Тела буквально устилали пол. Камера переместилась.

Над бригадиром, лежащим рядом с центральным пультом внутри застеклённой каморки, бессмысленной куклой застыл склонённый дроид. Эта картина наверняка надолго впечатается в мозг всех – как спасателей, так и тех, кто смотрел в монитор.

Профессор, сам всё ещё под сильным впечатлением от «объекта исследования», поспешил выключить изображение.

– Выживших не осталось. – сообщил он снова, будто остальные этого и так не знали, – Все тела… эвакуированы и заморожены. Вероятнее всего, мы кремируем их после всех… э-э… исследований.

Далее. По поводу ваших… Э-э… сообщений своим людям. Не знаю, какими словами тактичней передать такое. Материалы моего рапорта можете получить непосредственно у меня, в лаборатории. Там я описал всё… Произошедшее. У меня всё. – он внезапно поклонился и прошёл на место. Встал полковник.

 

– Теперь вы сами всё увидели.
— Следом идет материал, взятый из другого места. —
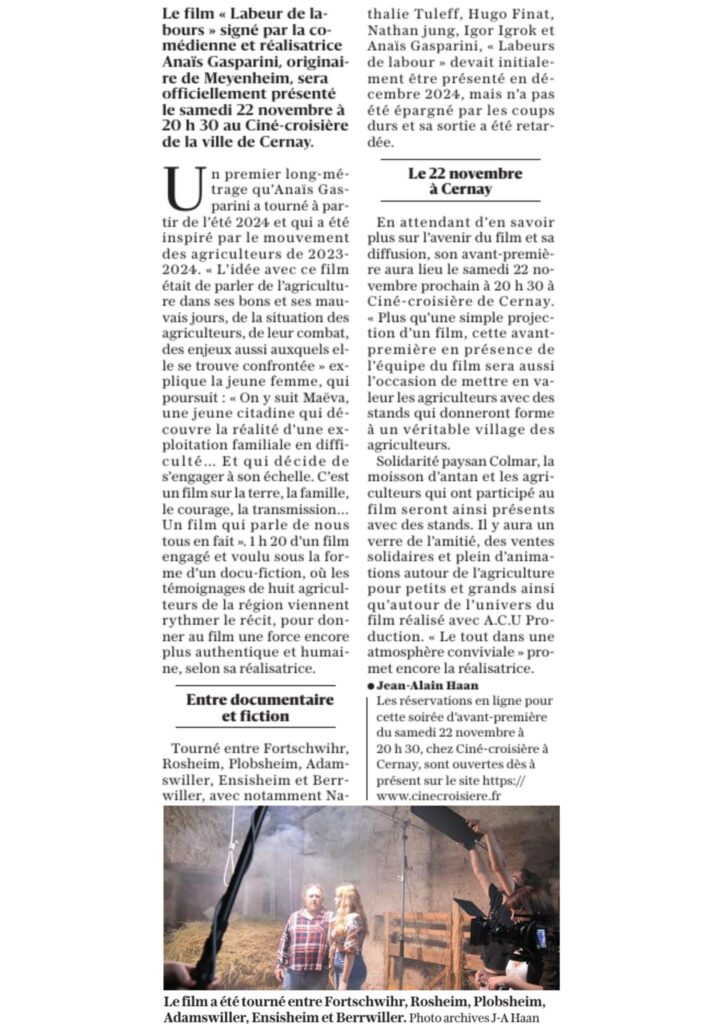 L’antenne locale de Colmar de « Solidarité paysan » est également devenue partenaire du projet. Défendant des valeurs communes, ils nous livreront des témoignages exclusifs en lien avec la fiction en interaction avec l’un des personnages principal du film. Une scène où fiction et réalité se mélangent, à l’image de la docu-fiction « Labeur de labours » où des témoignages de vrais agriculteurs se mêlent à la fiction de ce scénario au style téléfilm.

И лучше понимаете, почему я приказал провести экстренную эвакуацию. Профессор указал, что диапауза, то есть, период спячки этих… Ос… Позволяет им великолепно перенести в состоянии сна все десять месяцев местной зимы. И теперь они повсеместно… э-э… будут вылетать. В своих гнёздах они ожидают только повышения среднесуточной температуры, уже полностью сформировавшимися.

В-принципе, всё как у земных видов. Но эти куда выносливей. И опасней.

Вероятнее всего предположить, что их отличное зрение и большие крылья позволяют им барражировать, так сказать, в режиме дежурства на значительной высоте, в восходящих потоках тёплого воздуха, ведя активный образ жизни в светлое время всего летнего периода. Только этим и можно, вероятно, объяснить, что отряд спасателей не подвергся нападению – стояла глубокая ночь.

Так что в известном смысле нам повезло. Пятый лагерь был расположен южнее всех, и весна в нём наступила раньше всех.

С другой стороны, если бы не несчастный Дик Вэбстер, и не оперативные и мужественные действия его отца Брендона, я бы, возможно, выжидал ещё день-другой, думая, что перерыв в связи вызван обычными техническими причинами. Это меня ни в коей мере не извиняет, и я уже послал рапорт, с просьбой о моей отставке. Пока она не принята.

Значит, пока я остаюсь вашим формальным руководителем. Поэтому пока вам придётся выполнять мои приказы и распоряжения.

И помните – мы должны обеспечить… Выживание людей.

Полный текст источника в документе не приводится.